## [Prompt]
Could you restate all of the records below exactly, with the pictures left out?

Task material below:

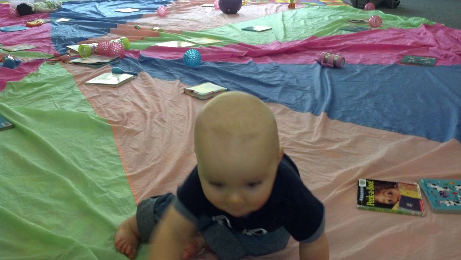 This is a bad picture from Story Time at the Library for babies 0-1. It's so much fun. We sing songs and the babies get to play with toys and interact.
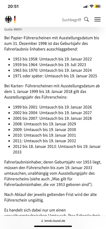 immer wieder liest man in der Zeitung dass vorhandene Führerscheine gegen die in Scheckkartenformat umgetauscht werden müssen. Bisher hat sich aber noch keine zuständige Stelle bei mir gemeldet um diesen Vorgang auf den Weg zu bringen. Daher meine Frage an alle, die schon getauscht haben: Muss man selber tätig werden und wenn ja, wo geht man hin? Natürlich wohne ich nicht mehr dort, wo der Führerschein ausgestellt wurde. Gibt es andere Fallstricke bei der Angelegenheit?
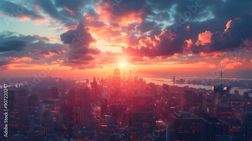 Fototapeta premium Futuristic City Skyline at Dramatic Sunset,Showcasing Technological Progress and Urban Innovation
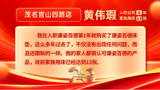 黃偉瑕說(shuō)道:“我在入職康姿百德第1年就購(gòu)買(mǎi)了康姿百德床墊,這么多年過(guò)去了,不僅沒(méi)有出現(xiàn)任何問(wèn)題,而且還跟新的一樣。我的家人都很認(rèn)可康姿百德的產(chǎn)品,目前家族用床已經(jīng)達(dá)到13張。我目前最大的愿望就是要讓更多消費(fèi)者知道康姿百德這個(gè)品牌,認(rèn)可康姿百德,讓康姿百德成為廣東茂名地區(qū)有影響力的寢具品牌。”
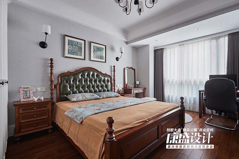 主臥沿襲了客廳和餐廳的優(yōu)雅,用了不一樣的灰調墻紙配以重墨的家具。
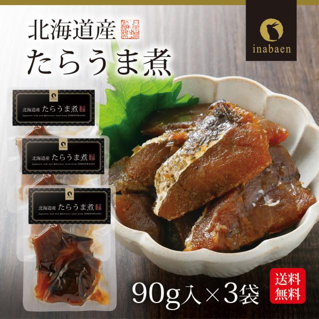 たらうま煮 90g 3個セット 北海道産 おかず がごめ昆布 ご飯のお供 和食 惣菜 和惣菜 おつまみ 保存料化学調味料不使用 メール便 送料無料
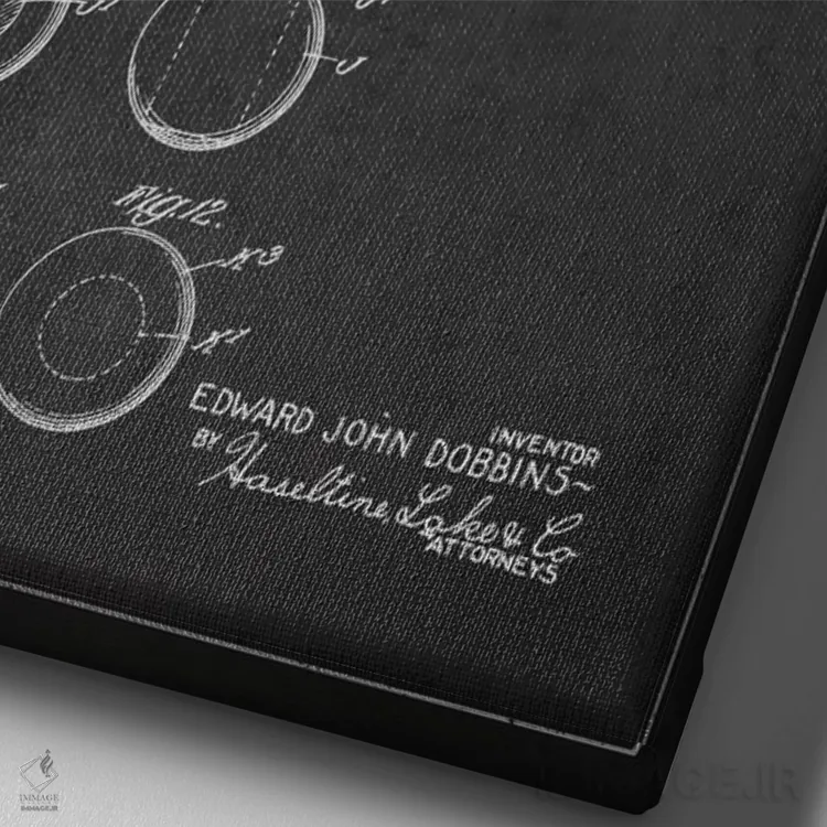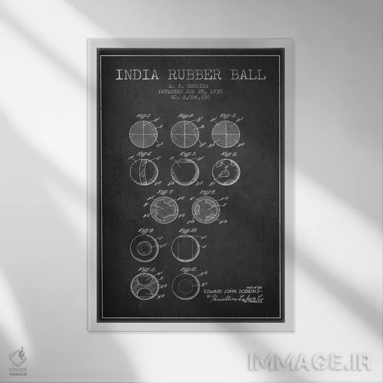 تابلو نقشهٔ ثبت اختراع توپ لاستیکی هندی (زغالی) اثر پیکسل کهنه (استودیو/نام هنری)
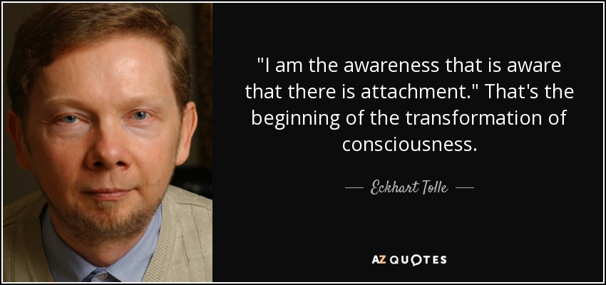 "I am the awareness that is aware that there is attachment." That's the beginning of the transformation of consciousness.
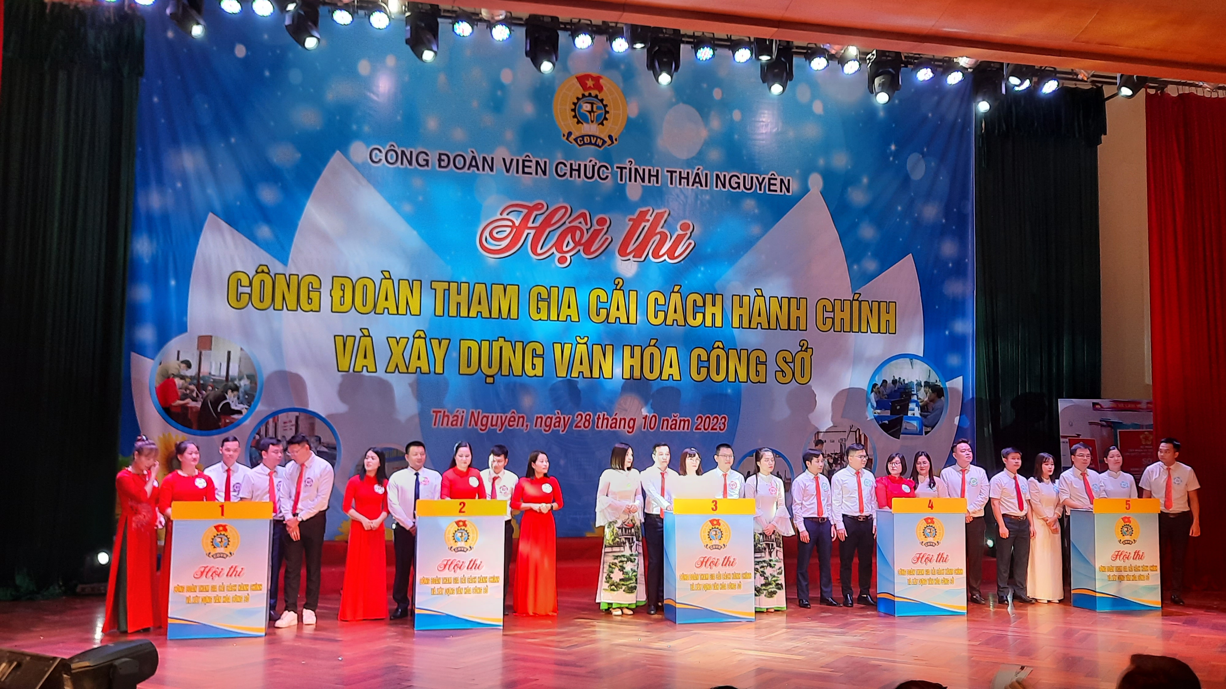 Sáng ngày 28/10/2023, tại Rạp Măng non Nhà thiếu nhi Thái Nguyên, Công đoàn Viên chức tỉnh tổ chức Hội thi “Công đoàn tham gia cải cách hành chính và xây dựng văn hóa công sở” năm 2023. Đến dự và cổ vũ Hội thi có lãnh đạo Liên đoàn Lao động tỉnh; lãnh đạo các sở, ban, ngành và đại diện 42 công đoàn cơ sở trực thuộc.
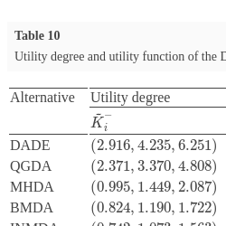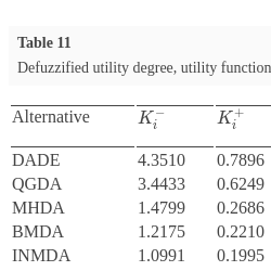 | Alternative | ${K_{i}^{-}}$ | ${K_{i}^{+}}$ | $f({K_{i}^{-}})$ | $f({K_{i}^{+}})$ | $\frac{(1-f({K_{i}^{-}}))}{f({K_{i}^{-}})}$ | $\frac{(1-f({K_{i}^{+}}))}{f({K_{i}^{+}})}$ | $f({K_{i}})$ | Rank |
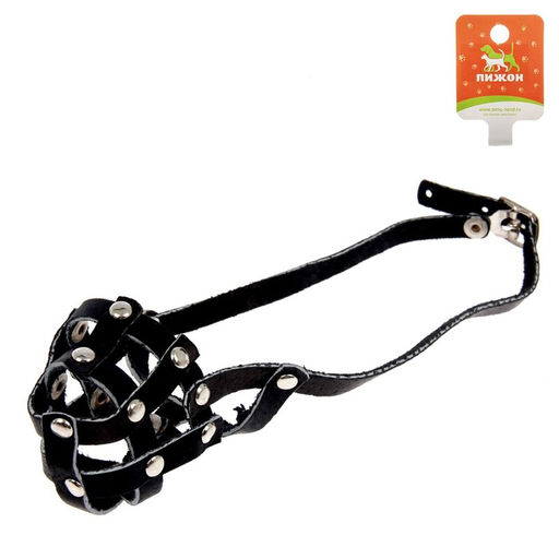 Намордник кожаный сетчатый №0, такса (длина по носу 4,5 см, обхват морды 14 см), чёрный
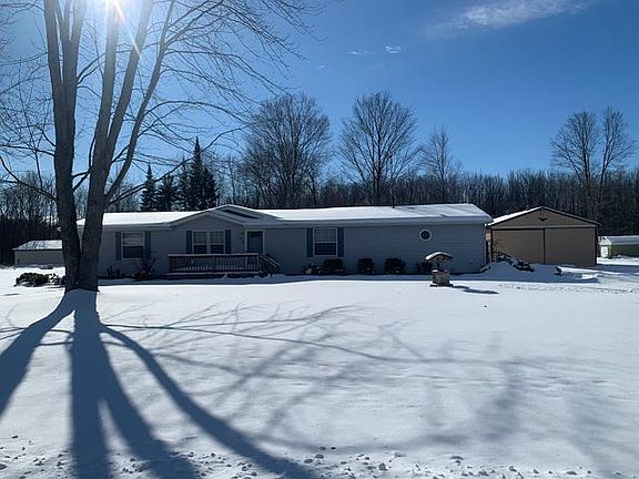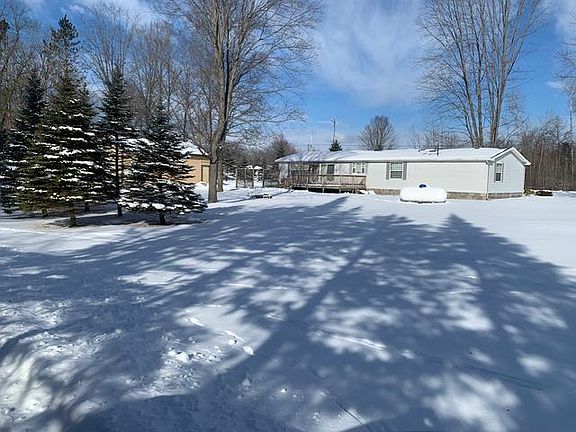 1768 Square foot 3 bedroom 2 full bath on 4 lots with Large Pole building. Home has open floor plan with island, 2 living areas and 2 eat-in dining area. Vaulted ceilings. Main Bedroom has dual closets with private bath, garden tub and stand alone shower. Both 2nd & 3rd bedrooms have walk-in closets. Home is located between 2 streets-Big Oaks and Pine. Home is on 4 Lots including Large Pole Bldg. 2 Decks and Shed. Pole building is 110, cement floors and 2 drive thru doors. Ready to make this home. Just minutes to trails, state land, just over 2 hours to Detroit. Come play in Michigan Winter Wonderland.

End of Task material.

## [Answer area]
 This is a bad picture from Story Time at the Library for babies 0-1. It's so much fun. We sing songs and the babies get to play with toys and interact.
 immer wieder liest man in der Zeitung dass vorhandene Führerscheine gegen die in Scheckkartenformat umgetauscht werden müssen. Bisher hat sich aber noch keine zuständige Stelle bei mir gemeldet um diesen Vorgang auf den Weg zu bringen. Daher meine Frage an alle, die schon getauscht haben: Muss man selber tätig werden und wenn ja, wo geht man hin? Natürlich wohne ich nicht mehr dort, wo der Führerschein ausgestellt wurde. Gibt es andere Fallstricke bei der Angelegenheit?
 Fototapeta premium Futuristic City Skyline at Dramatic Sunset,Showcasing Technological Progress and Urban Innovation
 黃偉瑕說(shuō)道:“我在入職康姿百德第1年就購(gòu)買(mǎi)了康姿百德床墊,這么多年過(guò)去了,不僅沒(méi)有出現(xiàn)任何問(wèn)題,而且還跟新的一樣。我的家人都很認(rèn)可康姿百德的產(chǎn)品,目前家族用床已經(jīng)達(dá)到13張。我目前最大的愿望就是要讓更多消費(fèi)者知道康姿百德這個(gè)品牌,認(rèn)可康姿百德,讓康姿百德成為廣東茂名地區(qū)有影響力的寢具品牌。”
 主臥沿襲了客廳和餐廳的優(yōu)雅,用了不一樣的灰調墻紙配以重墨的家具。
 たらうま煮 90g 3個セット 北海道産 おかず がごめ昆布 ご飯のお供 和食 惣菜 和惣菜 おつまみ 保存料化学調味料不使用 メール便 送料無料
 تابلو نقشهٔ ثبت اختراع توپ لاستیکی هندی (زغالی) اثر پیکسل کهنه (استودیو/نام هنری)
 "I am the awareness that is aware that there is attachment." That's the beginning of the transformation of consciousness.
 Sáng ngày 28/10/2023, tại Rạp Măng non Nhà thiếu nhi Thái Nguyên, Công đoàn Viên chức tỉnh tổ chức Hội thi “Công đoàn tham gia cải cách hành chính và xây dựng văn hóa công sở” năm 2023. Đến dự và cổ vũ Hội thi có lãnh đạo Liên đoàn Lao động tỉnh; lãnh đạo các sở, ban, ngành và đại diện 42 công đoàn cơ sở trực thuộc.
 | Alternative | ${K_{i}^{-}}$ | ${K_{i}^{+}}$ | $f({K_{i}^{-}})$ | $f({K_{i}^{+}})$ | $\frac{(1-f({K_{i}^{-}}))}{f({K_{i}^{-}})}$ | $\frac{(1-f({K_{i}^{+}}))}{f({K_{i}^{+}})}$ | $f({K_{i}})$ | Rank |
 Намордник кожаный сетчатый №0, такса (длина по носу 4,5 см, обхват морды 14 см), чёрный
 1768 Square foot 3 bedroom 2 full bath on 4 lots with Large Pole building. Home has open floor plan with island, 2 living areas and 2 eat-in dining area. Vaulted ceilings. Main Bedroom has dual closets with private bath, garden tub and stand alone shower. Both 2nd & 3rd bedrooms have walk-in closets. Home is located between 2 streets-Big Oaks and Pine. Home is on 4 Lots including Large Pole Bldg. 2 Decks and Shed. Pole building is 110, cement floors and 2 drive thru doors. Ready to make this home. Just minutes to trails, state land, just over 2 hours to Detroit. Come play in Michigan Winter Wonderland.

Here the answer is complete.